Springer Nature told Research Professional News that it expects half of the research papers it publishes to be open access by the end of 2024. It said it has found that transformative agreements with research organisations, covering open-access publication in multiple journals, are the “most effective way of transitioning to open access at scale, delivering three times more open-access growth than author choice publishing in our hybrid and transformative journals”.

“This in turn powers an increase in visibility for the final published version which researchers want to read and build on,” it added. “Our agreement in the UK has seen usage increase tenfold since 2015, whilst in the US our 2021 agreement with [the University of California] has seen downloads increase 180 per cent in a single year.”

Elsevier said that almost all of its 2,800 journals offer open-access publishing, that it has over 750 fully open-access journals and that it has transformative agreements with over 2,000 institutions.

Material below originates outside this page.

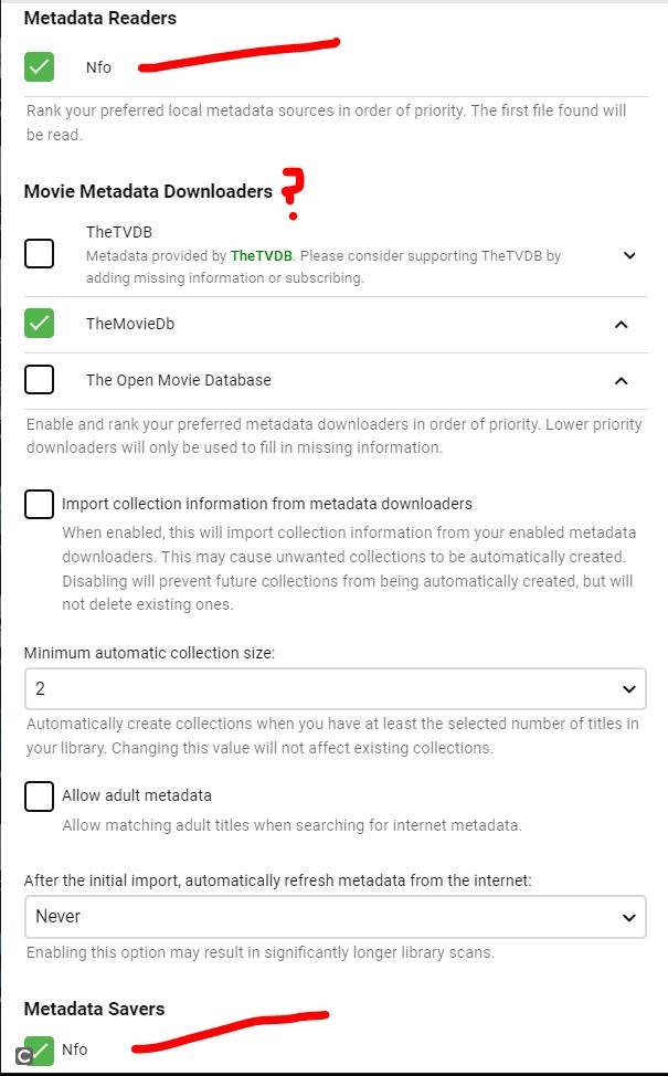 musicmafia 38 Posted June 19, 2022 Posted June 19, 2022 Prior to moving all my media files to a new drive with a different drive path, I read through some threads here which suggested that if "Metadata Readers" and "Metadata Savers" were checked, the process would go smoother. So I checked those boxes prior to migration and the new library location loaded quickly and everything looks right to me. Whew! That process placed .nfo files in all my media folders (which doesn't bother me). I don't really understand any of this stuff but my questions are about optimal settings: Should I just leave everything set this way (using the nfo files method) or should I uncheck and only use this method if I change drives again? Am I still getting data from the database sources or just from the nfo files? Are my "Movie Metadata Downloader" settings and "Image fetcher" settings optimal? (I think these were default settings since I don't know one from the other). If not, any recommended settings or tweaks are appreciated. I am new to streaming but loving it so far. Thanks

It said that in 2022 it published over 150,000 open-access articles, for an annual growth rate of over 26 per cent.

“We provide openly and transparently key information about our processes, pricing, editorial policies and many other metrics of importance to our communities. And we continue to provide more information every year,” it added.

“We are pleased that 61 of our journals in the programme grew their open access content by more than 5 per cent, meeting the criteria set by Coalition S. A further six journals had sufficient support from their communities to flip to become fully…open access journals. We believe this demonstrates our commitment to work with institutions and authors to support open access.

“For other journals, however, there has simply not been sufficient funding nor appetite from the community to grow open access at the high rates demanded by Coalition S despite our clear offer of open-access publishing option to every author. We are disappointed that Coalition S has chosen to remove this source of funding…Our experience is that restricting funding for [certain forms of] open access makes it harder for authors to publish open access and will slow down progress towards a more open future.”

ACS said that the subscription prices of its hybrid journals are affected only by changes in subscription content. “Open-access articles are not considered when setting the subscription price, nor are article publishing charges affected by non-open access articles,” it said.

Funding to be phased out

Coalition S said that 1 per cent of the journals in the transformative programme had flipped to full open access, 30 per cent had met their targets and would remain in the programme, and 1 per cent were removed for reasons unrelated to their performance, such as because they had changed publisher.

Seven of 16 participating publishers met the targets for all of their journals, and Kiley said that society publishers seemed to be more successful in doing so than commercial publishers.

But he added: “The fact that so many titles were unable to meet their open-access growth targets suggests that for some publishers, the transition to full and immediate open access is unlikely to happen in a reasonable timeframe.”

This means that Coalition S chose well in planning to remove all support for transformative journals from the end of 2024, he added. Those journals that are being removed from the scheme for failing to meet their targets will not be eligible for funding from 1 January 2024.